我有JSON响应如下
{
"results": [
{
"name": "FOO",
"containerName": "Foo",
"accounts": [
{
"id": "10445570_7601",
"shareeAccountInfo": "",
"siteAccountId": "271555",
"siteId": "271555",
"refreshMode": "NORMAL",
"isNetIncl": "true",
"propertyId": null,
"amount": [
"0.0",
"USD"
]
},
{
"id": "1070_20537601",
"shareeAccountInfo": "",
"siteAccountId": "271555",
"siteId": "271555",
"refreshMode": "NORMAL",
"isNetIncl": "true",
"propertyId": null,
"amount": [
"0.0",
"USD"
]
}
]
},
{
"name": "FOO123",
"containerName": "Foo123",
"accounts": [
{
"id": "10445570_20601",
"shareeAccountInfo": "",
"siteAccountId": "271555",
"siteId": "271555",
"refreshMode": "NORMAL",
"isNetIncl": "true",
"propertyId": null,
"amount": [
"0.0",
"USD"
]
},
{
"id": "10445570_37601",
"shareeAccountInfo": "",
"siteAccountId": "271555",
"siteId": "271555",
"refreshMode": "NORMAL",
"isNetIncl": "true",
"propertyId": null,
"amount": [
"0.0",
"USD"
]
}
]
},
{
"name": "FOO83838",
"containerName": "Foo3232",
"accounts": [
{
"id": "1601",
"shareeAccountInfo": "",
"siteAccountId": "271555",
"siteId": "271555",
"refreshMode": "NORMAL",
"isNetIncl": "true",
"propertyId": null,
"amount": [
"0.0",
"USD"
]
}
]
}
]
}
我遇到了从此JSON响应创建Backbone模型的问题。 我应该使用嵌套模型吗?我应该如何根据我的模型创建一个集合?相反,展平这个JSON结构会是一个好主意吗?任何想法?
答案 0 :(得分:5)
您的数据结构自然适合模型集合(我将调用模型Group),其中每个Group包含Account模型的集合。此集合(以及可选的模型)应该具有对父Group的引用。

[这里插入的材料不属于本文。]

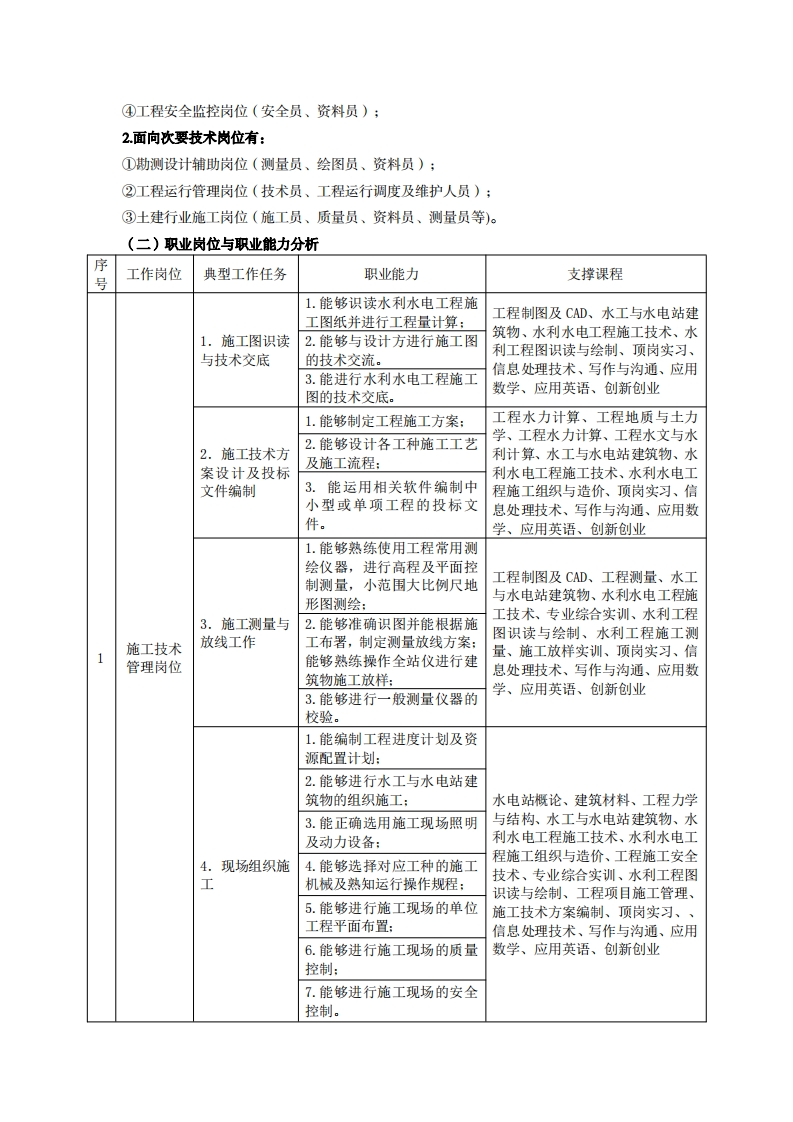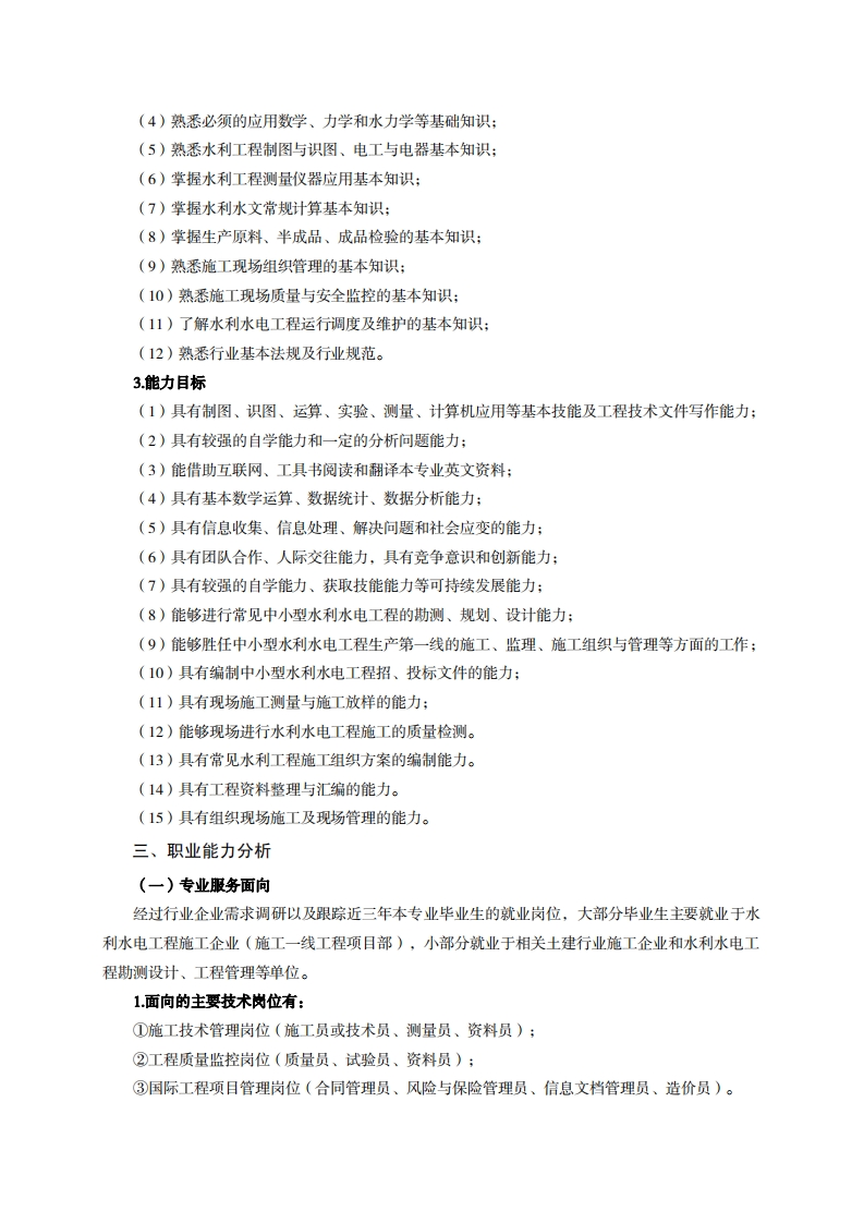 高等职业技术教育《水利水电建筑工程》专业人才培养方案(单招三年制)专业代码:450205一、学制及招生对象(一)学制:三年。(二)招生对象:高中(中职)毕业生。(三)招生类型:理科。二、培养目标与人才规格(一)培养目标本专业培养德、智、体、美、劳全面发展,具有较高综合素质、良好职业道德、创新精神和创业意识,掌握水利水电工程设计、施工、管理等方面的专业基础理论知识,具备较强的施工技术、质量控制、项目管理等实践能力,在水利水电施工企业,从事水利水电工程现场施工、工程质量监控、工程施工现场安全监控、工程项目管理及常见单体水工建筑物的勘测设计等工作的生产、建设、服务和管理第一线需要的高素质技术技能人才。(二)人才规格1.素质目标(1)思想政治素质:系统掌握马克思主义基本原理和马克思主义中国化理论成果,了解党史、新中国史、改革开放史、社会主义发展史,认识世情、国情、党情,深刻领会习近平新时代中国特色社会主义思想,培养运用马克思主义立场观点方法分析和解决问题的能力:自觉践行社会主义核心价值观,尊重和维护宪法法律权威,识大局、尊法治、修美德:矢志不渝听党话跟党走,争做社会主义合格建设者和可靠接班人。(2)职业素质:具有良好的职业安全、环境保护意识、职业道德、创新精神、创业意识,能够立足生产、建设、管理、服务一线,踏实进取,敬业奉献,善于合作,敢于竞争,勇于创新。(3)人文科学素质:具有宽阔的视野、良好的科学思维品质、高雅的审美情趣和正确的审美观:能够正确认识社会、主动适应社会,有较强文字和语言表达能力,有较强的人际交往能力和自我发展能力。(4)身体心理素质:具有健康的身体,良好的生活习惯,爱好体育运动,有一定的运动基础。具有健康积极的人生态度,良好的个性心理品质,有较强的心理调适能力和抗挫折能力。2知识目标(1)熟悉必须的公共英语听、说、读、写基本知识和职业英语知识:(2)了解必备的文化基础知识和人文社会科学知识:(3)掌握计算机应用的基本知识:

var Account = Backbone.Model.extend({
})
var Accounts = Backbone.Collection.extend({
model: Account,
initialize: function(models, options) {
this.parent = options.parent;
}
});
var Group = Backbone.Model.extend({
initialize: function() {
this.accounts = new Accounts([], { parent: this });
}
});
var Groups = Backbone.Collection.extend({
model: Group,
// Assuming you make requests to `/group` to produce your result JSON
url: 'group',
// Construct models from the `results` attribute of the response
parse: function(response) {
return response.results;
}
});
有两个主要的实施选择:
如果可以从父容器中单独保留单个帐户,可能使用/group/FOO83838/account/1601之类的端点,Acccount模型可以使用默认的Backbone.Model.save。 Accounts集合应覆盖url以引用父网址:
Accounts = Backbone.Collection.extend({
// code from earlier
url: function() {
return this.parent.url() + '/account';
}
});
如果帐户只能保存为整体Group模型的一部分,则需要做两件事:
首先,覆盖Account.save以委托父{q} save方法:
Account = Backbone.Model.extend({
// code from earlier
save: function() {
this.collection.parent.save();
}
});
其次,覆盖Group.toJSON以包含子帐户:
Group = Backbone.Model.extend({
// code from earlier
toJSON: function() {
var json = Backbone.Model.prototype.toJSON.call(this);
json.accounts = this.accounts.toJSON();
return json;
}
});
(在此示例中,我使用了集合的parent引用。如果您愿意,还可以在此模型上保存对父级的引用。)
您可以允许应用代码直接收听Group.accounts事件,在这种情况下,不需要更改代码:
// Example view code
this.listenTo(group.accounts, 'change', this.onAccountChange, this);
或者,如果您更喜欢额外的封装,则可以转发子模型更改:
Group = Backbone.Model.extend({
// code from earlier
initialize: function() {
this.accounts = new Accounts([], { parent: this });
this.listenTo(this.accounts, 'all', this.onChildEvent, this);
}
onChildEvent: function(eventName, model, options) {
// write logic to whitelist the events and parameters you are interested in
this.trigger('child:' + eventName, model, options);
}
});
// Example view code
this.listenTo(group, 'child:change', this.onAccountChange, this);
您还可以查看DeepModel(不再维护)或Relational等Backbone扩展程序。我通常更喜欢自定义实现的更精细控制。